Output the data verbatim, minus the images.

DATASET ENTRIES Block Start

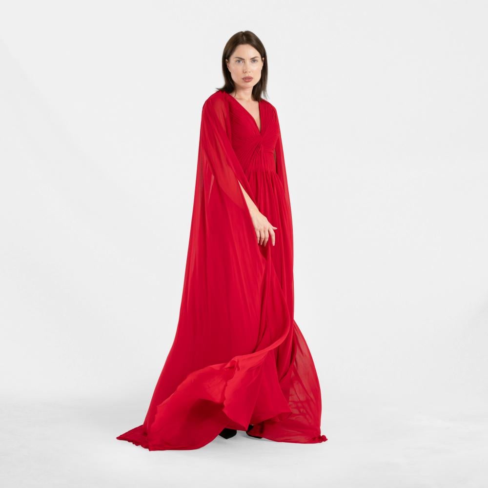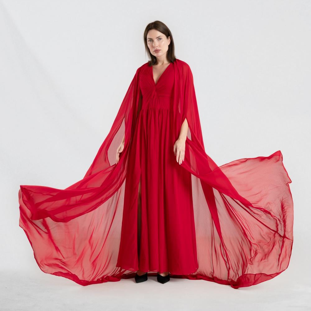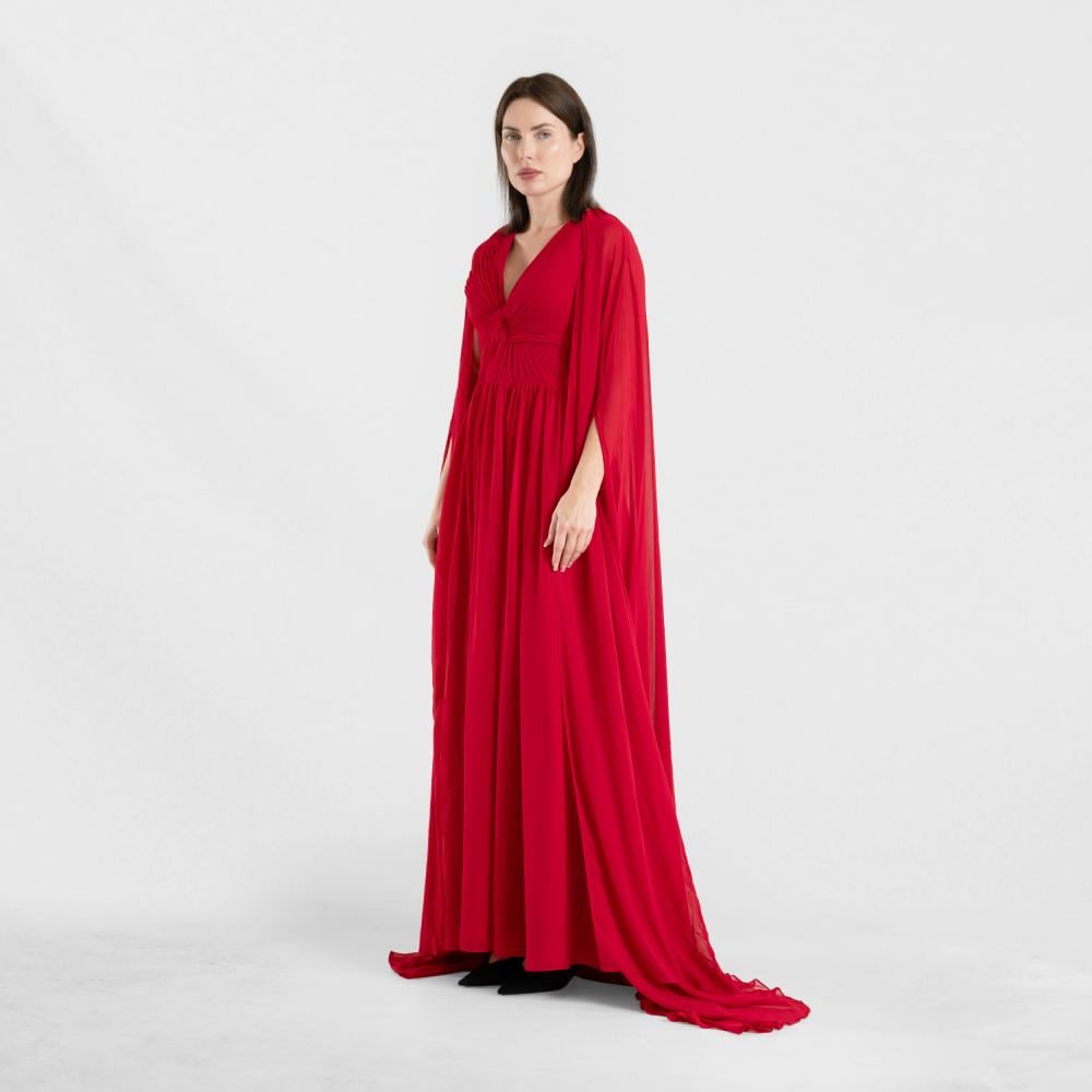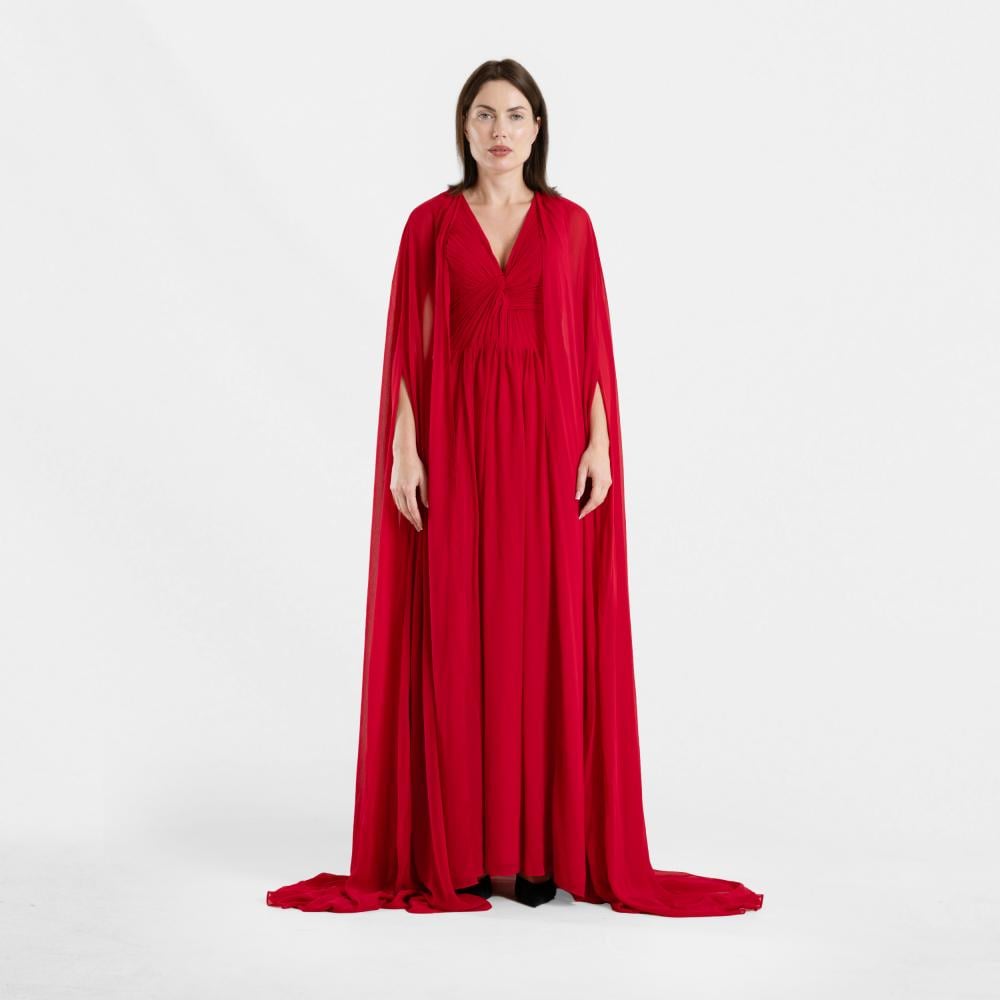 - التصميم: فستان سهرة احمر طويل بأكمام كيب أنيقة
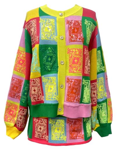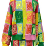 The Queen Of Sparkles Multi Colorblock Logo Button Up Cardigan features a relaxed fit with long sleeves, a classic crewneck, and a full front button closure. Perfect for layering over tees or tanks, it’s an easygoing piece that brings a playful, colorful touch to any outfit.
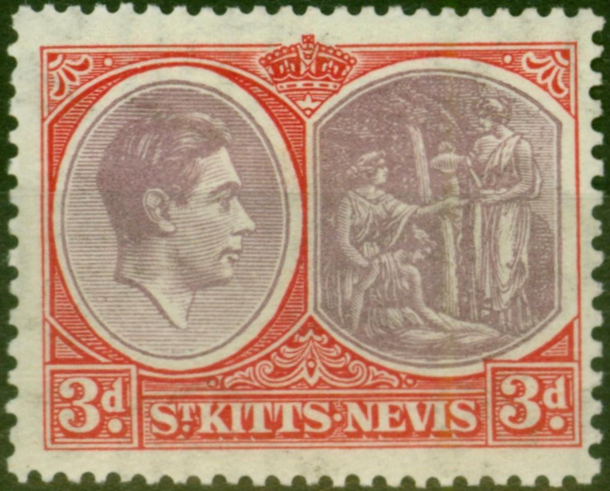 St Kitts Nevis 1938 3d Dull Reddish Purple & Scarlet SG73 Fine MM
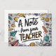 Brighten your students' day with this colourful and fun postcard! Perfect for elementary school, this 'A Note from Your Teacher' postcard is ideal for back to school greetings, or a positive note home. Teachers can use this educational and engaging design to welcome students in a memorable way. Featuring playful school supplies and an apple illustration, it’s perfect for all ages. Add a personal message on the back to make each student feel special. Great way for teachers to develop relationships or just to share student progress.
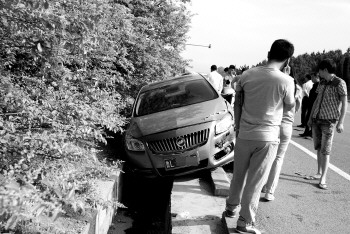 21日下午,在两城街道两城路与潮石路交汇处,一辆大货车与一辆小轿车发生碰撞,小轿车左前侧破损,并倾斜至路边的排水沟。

DATASET ENTRIES Block End

## YOUR RESPONSE:
 - التصميم: فستان سهرة احمر طويل بأكمام كيب أنيقة
 The Queen Of Sparkles Multi Colorblock Logo Button Up Cardigan features a relaxed fit with long sleeves, a classic crewneck, and a full front button closure. Perfect for layering over tees or tanks, it’s an easygoing piece that brings a playful, colorful touch to any outfit.
 St Kitts Nevis 1938 3d Dull Reddish Purple & Scarlet SG73 Fine MM
 Brighten your students' day with this colourful and fun postcard! Perfect for elementary school, this 'A Note from Your Teacher' postcard is ideal for back to school greetings, or a positive note home. Teachers can use this educational and engaging design to welcome students in a memorable way. Featuring playful school supplies and an apple illustration, it’s perfect for all ages. Add a personal message on the back to make each student feel special. Great way for teachers to develop relationships or just to share student progress.
 21日下午,在两城街道两城路与潮石路交汇处,一辆大货车与一辆小轿车发生碰撞,小轿车左前侧破损,并倾斜至路边的排水沟。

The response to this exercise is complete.